Thursday, October 18, 2007

Stop touching women!

Dear guy at the Spoon concert,

It's one thing to trick women into shaking your hand by acting like you are old friends, only to then start massaging their hands. It's another thing to ask my friend for "a high five before she goes" (she said no with bewilderment - you are a stranger). It is yet another thing for you to then approach us all again - five of us in total, including a 6'3 male - and try to hug our friend who has already said "NO". After yelling "NO!" again and very forcefully telling you to leave, our other friend yelled, "Stop touching women!" Fucking asshole.
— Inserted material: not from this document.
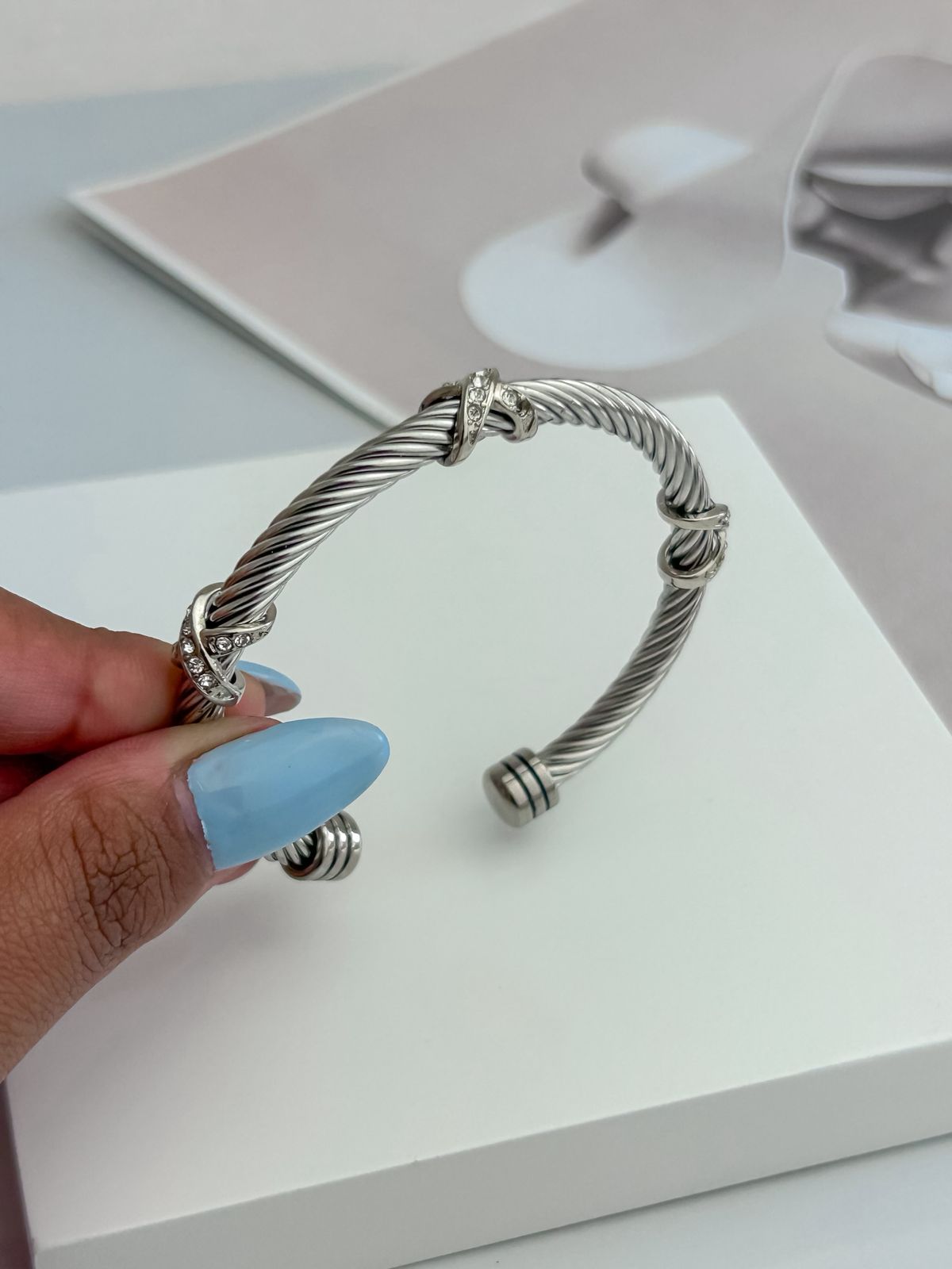Bracelete com detalhe em X com pedrinhas em aço inoxidável no prata.

Wednesday, October 03, 2007

I just walked outside

I was going to an appointment. I walked into my own parking lot outside my building. There were two of them, working on something on a next door house/building. Not like it matters. I carried my trash to the dumpster and came back to get into my car, right next to where they were working - though until then, I hadn't noticed them. They're making noise, and I therefore look up to see what it is. Then I'm greeted with a "How you doin, honey?" I stammered back, "I'm fine, but I'm not your honey." Doesn't matter that I'm not - they leered at me as I blasted my stereo and drove away, praying they wouldn't be there when I came home.